-- Problem description --
The reply must repeat each entry exactly and contain no pictures.

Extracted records
Segment Open

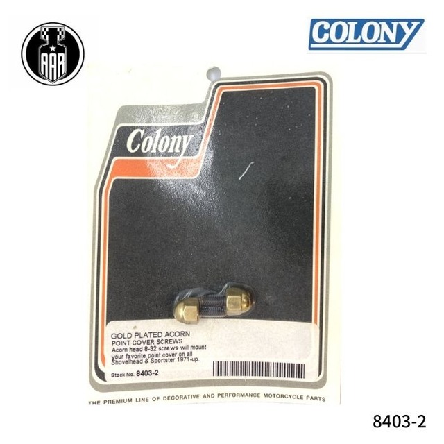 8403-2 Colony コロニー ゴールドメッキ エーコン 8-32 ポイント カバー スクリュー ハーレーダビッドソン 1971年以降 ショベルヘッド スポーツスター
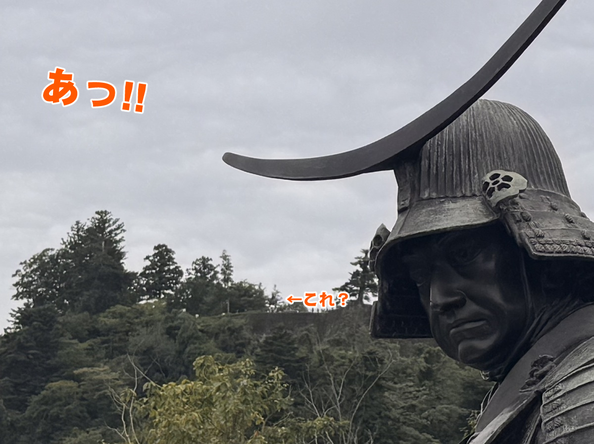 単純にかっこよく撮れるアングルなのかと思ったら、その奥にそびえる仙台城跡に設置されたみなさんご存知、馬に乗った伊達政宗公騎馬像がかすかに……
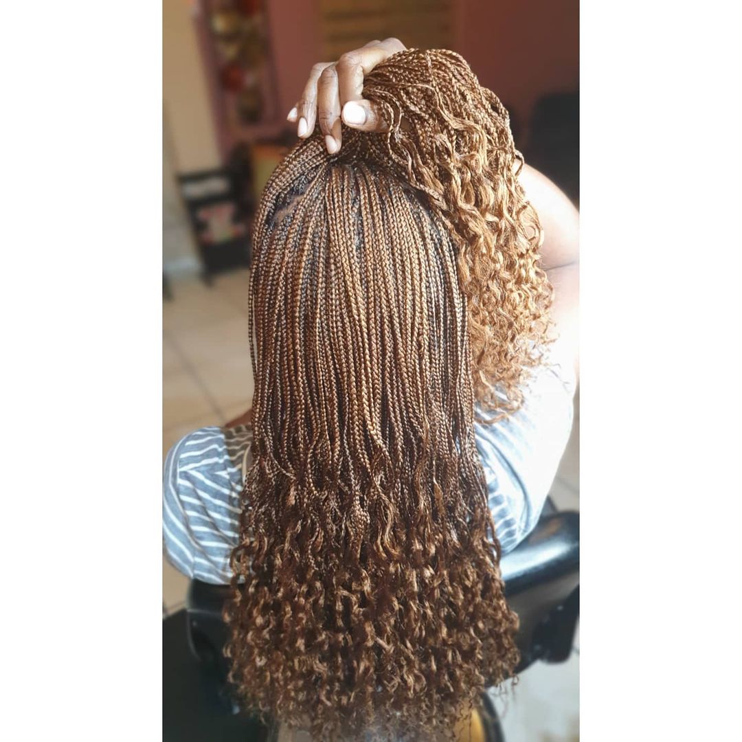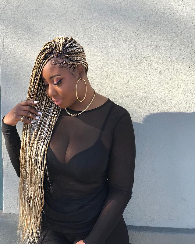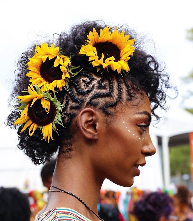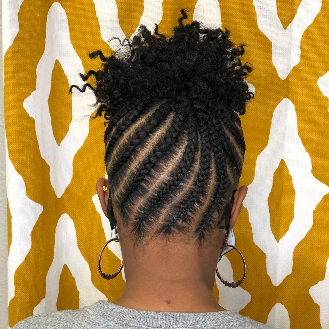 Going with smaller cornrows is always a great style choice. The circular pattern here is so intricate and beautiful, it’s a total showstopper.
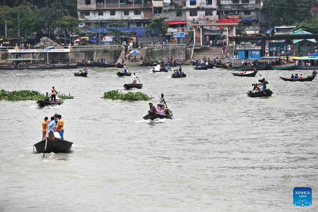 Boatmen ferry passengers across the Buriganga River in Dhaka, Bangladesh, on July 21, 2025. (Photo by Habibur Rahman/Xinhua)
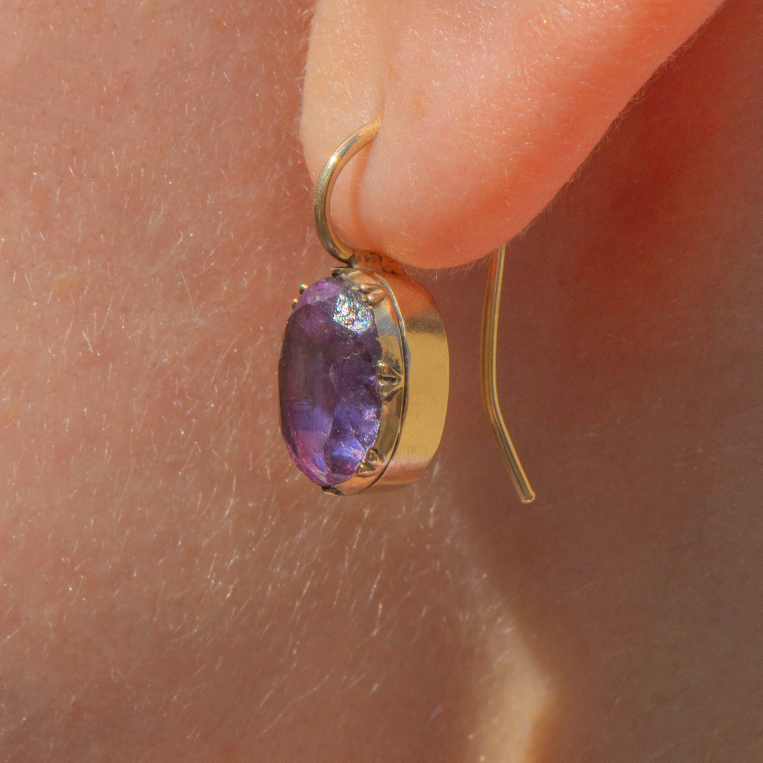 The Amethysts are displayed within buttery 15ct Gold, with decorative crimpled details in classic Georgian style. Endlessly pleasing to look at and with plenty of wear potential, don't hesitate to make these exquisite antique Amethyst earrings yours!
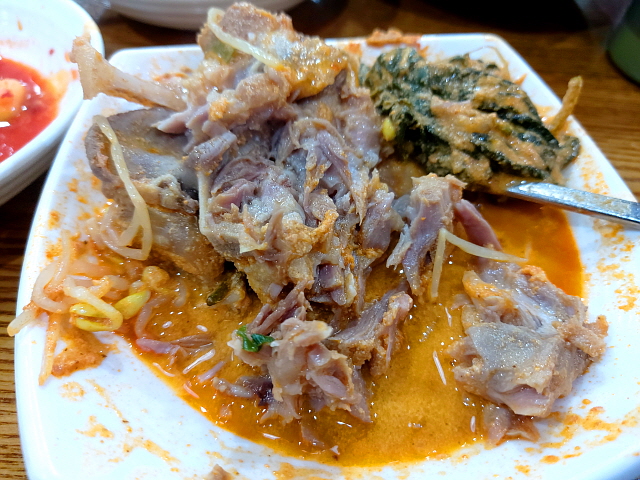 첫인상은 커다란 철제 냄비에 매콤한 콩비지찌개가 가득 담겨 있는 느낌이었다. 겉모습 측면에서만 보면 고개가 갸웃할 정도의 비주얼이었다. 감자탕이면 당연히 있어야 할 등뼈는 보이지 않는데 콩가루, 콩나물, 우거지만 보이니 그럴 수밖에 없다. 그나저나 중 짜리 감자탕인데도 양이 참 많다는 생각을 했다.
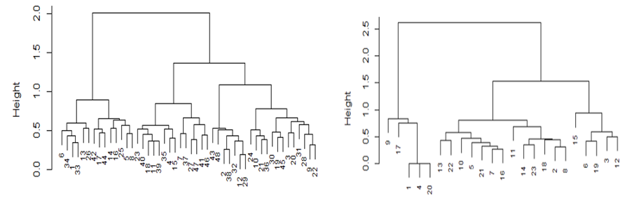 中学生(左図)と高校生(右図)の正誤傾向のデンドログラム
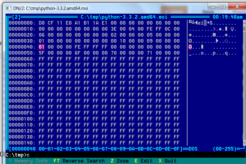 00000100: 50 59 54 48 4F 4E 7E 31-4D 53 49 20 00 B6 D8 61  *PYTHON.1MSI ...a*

Segment Closed

-- Written reply --
 8403-2 Colony コロニー ゴールドメッキ エーコン 8-32 ポイント カバー スクリュー ハーレーダビッドソン 1971年以降 ショベルヘッド スポーツスター
 単純にかっこよく撮れるアングルなのかと思ったら、その奥にそびえる仙台城跡に設置されたみなさんご存知、馬に乗った伊達政宗公騎馬像がかすかに……
 Going with smaller cornrows is always a great style choice. The circular pattern here is so intricate and beautiful, it’s a total showstopper.
 Boatmen ferry passengers across the Buriganga River in Dhaka, Bangladesh, on July 21, 2025. (Photo by Habibur Rahman/Xinhua)
 The Amethysts are displayed within buttery 15ct Gold, with decorative crimpled details in classic Georgian style. Endlessly pleasing to look at and with plenty of wear potential, don't hesitate to make these exquisite antique Amethyst earrings yours!
 첫인상은 커다란 철제 냄비에 매콤한 콩비지찌개가 가득 담겨 있는 느낌이었다. 겉모습 측면에서만 보면 고개가 갸웃할 정도의 비주얼이었다. 감자탕이면 당연히 있어야 할 등뼈는 보이지 않는데 콩가루, 콩나물, 우거지만 보이니 그럴 수밖에 없다. 그나저나 중 짜리 감자탕인데도 양이 참 많다는 생각을 했다.
 中学生(左図)と高校生(右図)の正誤傾向のデンドログラム
 00000100: 50 59 54 48 4F 4E 7E 31-4D 53 49 20 00 B6 D8 61  *PYTHON.1MSI ...a*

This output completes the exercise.